:: Data for analysis ::

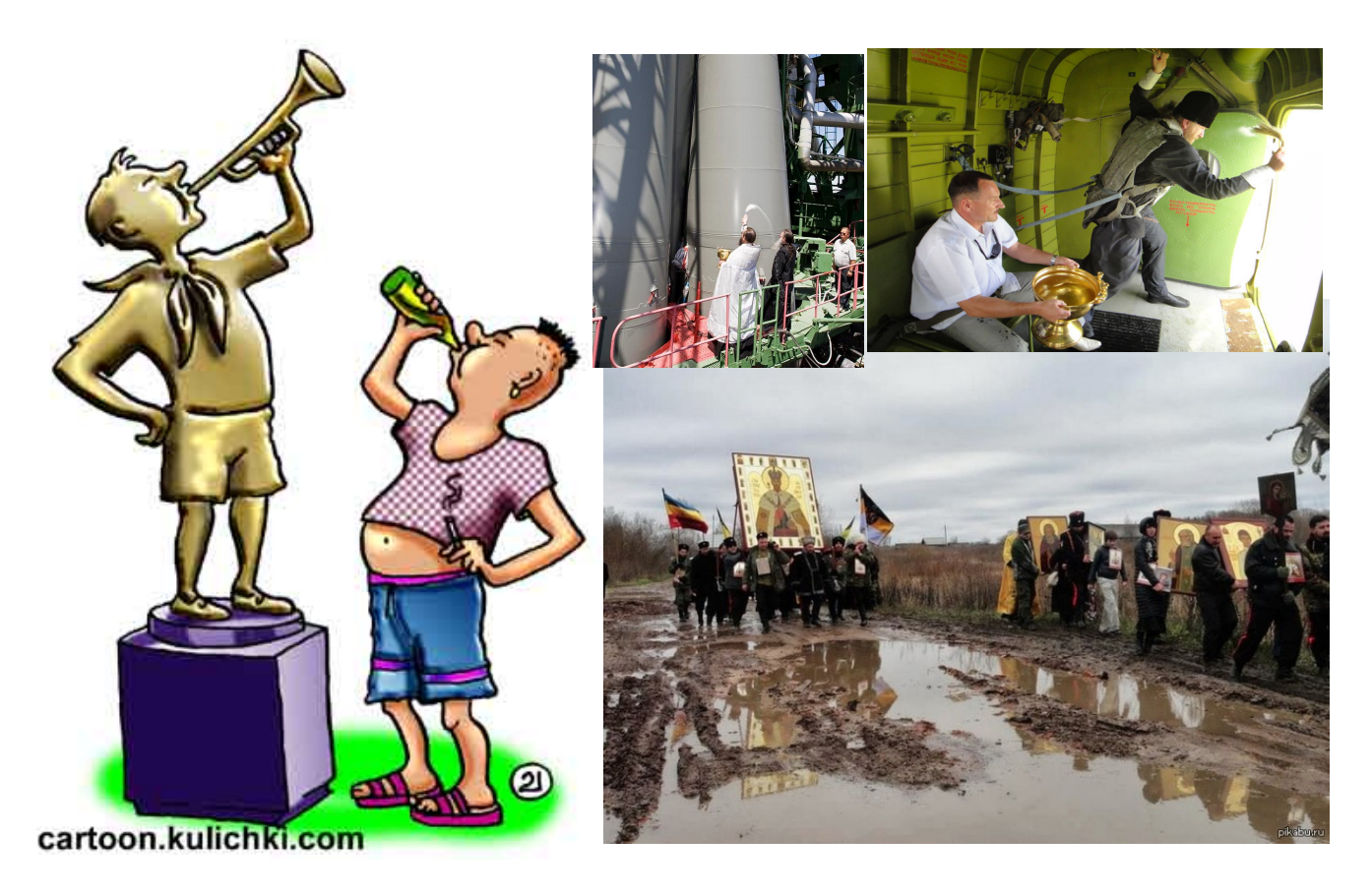
Fig. 2. Customs [30]: drinking from the neck of bottle; use of magic for missiles, dams, roads.

The genre of the last 3 pictures in figure 2 can be interpreted also as a religion (considered below) – under conditions, that the popes, performing the magic, believe, that their actions help to repair the faulty rocket, or stop the flood, or, at least, reduce amount of puddles and clay on the road.
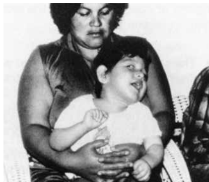
A child with multiple disabilities, including severe cerebral palsy, vision loss, seizures and cognitive delay.

Caring for children with multiple and severe disabilities is never easy; they need an enormous amount of time, patience, and love. In most communities, parents and close family members will be the main care providers. But parents will need a lot of support from the community in order to care adequately for the child. Unless parents have help, they are likely to find that the continual demands of caring for their child are too much. Even the most loving parents, after months and years of continuously caring for a child with severe disabilities, can easily become frustrated and angry. This is especially true when the child shows little progress or response, and grows up to be a physical adult with the needs of a young child.
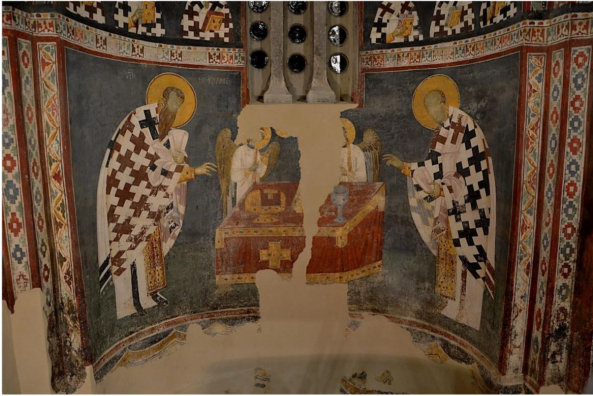
5-6. Oltar apse, before and after conservation work

:::

# Activity:
Check each line above for the string "amount", then copy the ones that have it.

# Solution to the exercise:
The genre of the last 3 pictures in figure 2 can be interpreted also as a religion (considered below) – under conditions, that the popes, performing the magic, believe, that their actions help to repair the faulty rocket, or stop the flood, or, at least, reduce amount of puddles and clay on the road.
Caring for children with multiple and severe disabilities is never easy; they need an enormous amount of time, patience, and love. In most communities, parents and close family members will be the main care providers. But parents will need a lot of support from the community in order to care adequately for the child. Unless parents have help, they are likely to find that the continual demands of caring for their child are too much. Even the most loving parents, after months and years of continuously caring for a child with severe disabilities, can easily become frustrated and angry. This is especially true when the child shows little progress or response, and grows up to be a physical adult with the needs of a young child.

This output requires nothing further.